The records are to be repeated in full, with the images removed.

(DATA TO PROCESS begins)

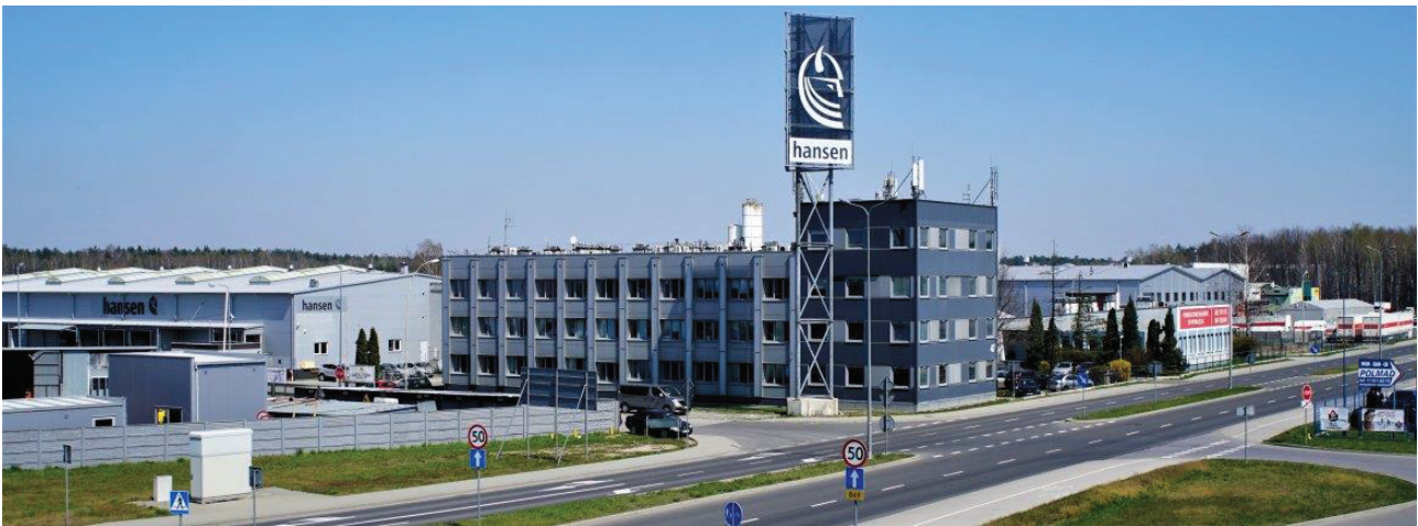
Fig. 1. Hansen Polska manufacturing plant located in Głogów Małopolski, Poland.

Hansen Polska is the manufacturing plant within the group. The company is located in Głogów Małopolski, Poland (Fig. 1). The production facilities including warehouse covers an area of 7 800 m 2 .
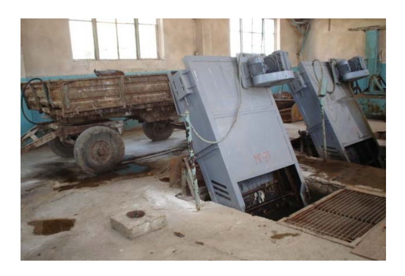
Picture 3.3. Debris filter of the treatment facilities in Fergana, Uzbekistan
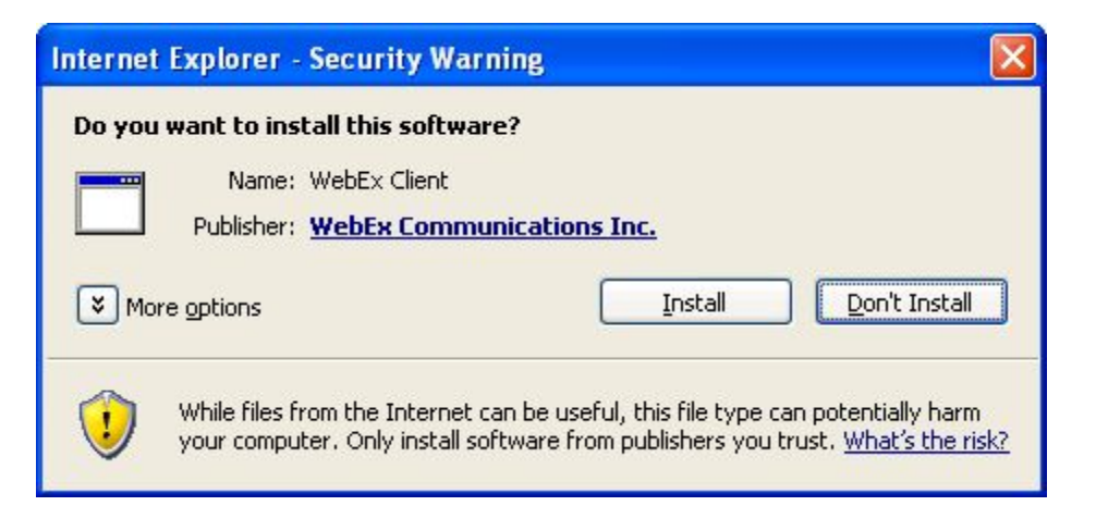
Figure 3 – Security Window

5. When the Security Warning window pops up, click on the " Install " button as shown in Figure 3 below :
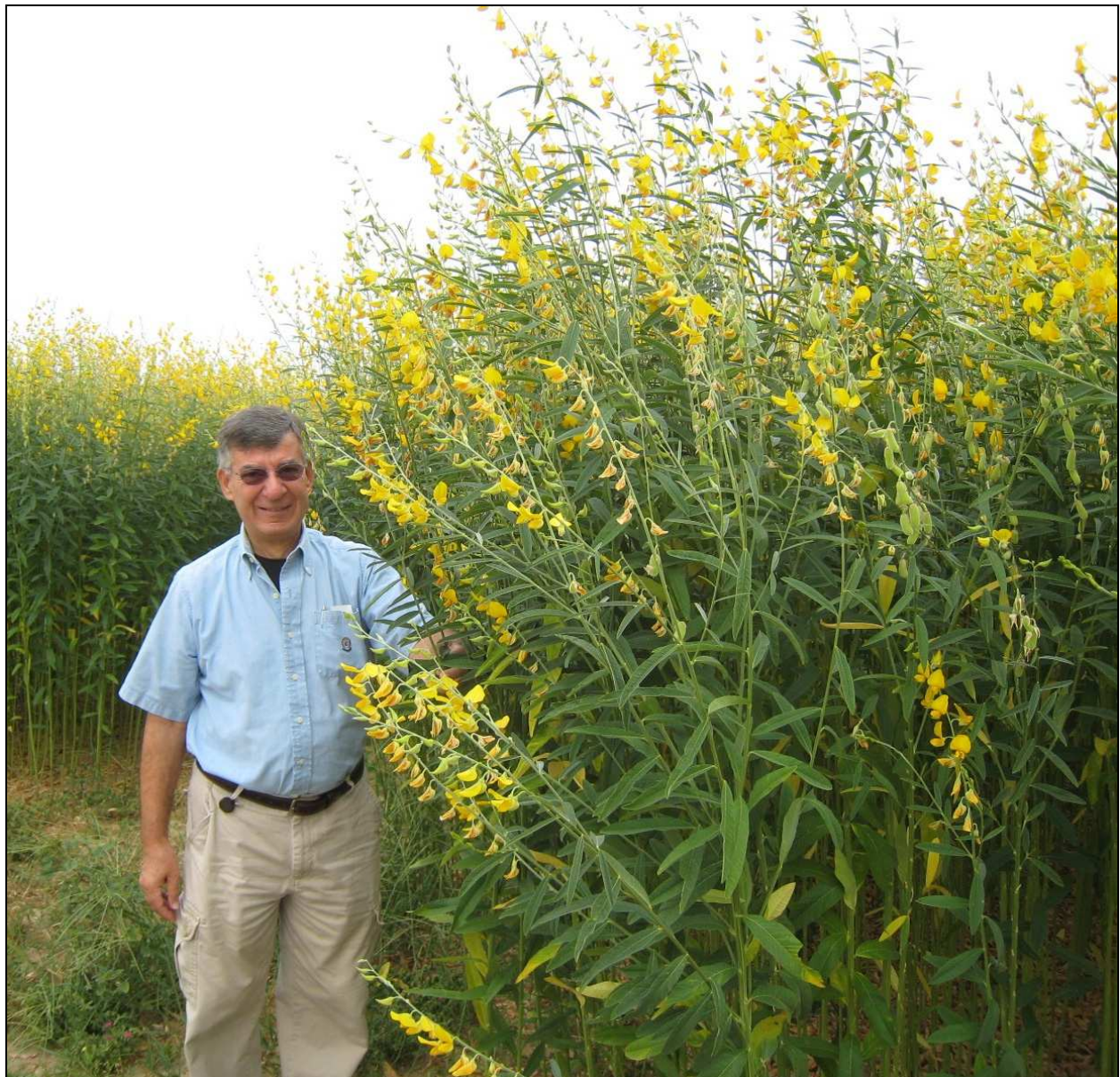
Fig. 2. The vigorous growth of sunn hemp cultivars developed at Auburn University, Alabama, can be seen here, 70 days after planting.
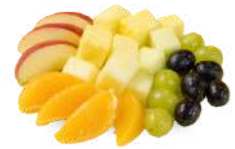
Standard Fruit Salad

(DATA TO PROCESS ends)

_SOLUTION TO THE PROBLEM_.
Fig. 1. Hansen Polska manufacturing plant located in Głogów Małopolski, Poland.

Hansen Polska is the manufacturing plant within the group. The company is located in Głogów Małopolski, Poland (Fig. 1). The production facilities including warehouse covers an area of 7 800 m 2 .
Picture 3.3. Debris filter of the treatment facilities in Fergana, Uzbekistan
Figure 3 – Security Window

5. When the Security Warning window pops up, click on the " Install " button as shown in Figure 3 below :
Fig. 2. The vigorous growth of sunn hemp cultivars developed at Auburn University, Alabama, can be seen here, 70 days after planting.
Standard Fruit Salad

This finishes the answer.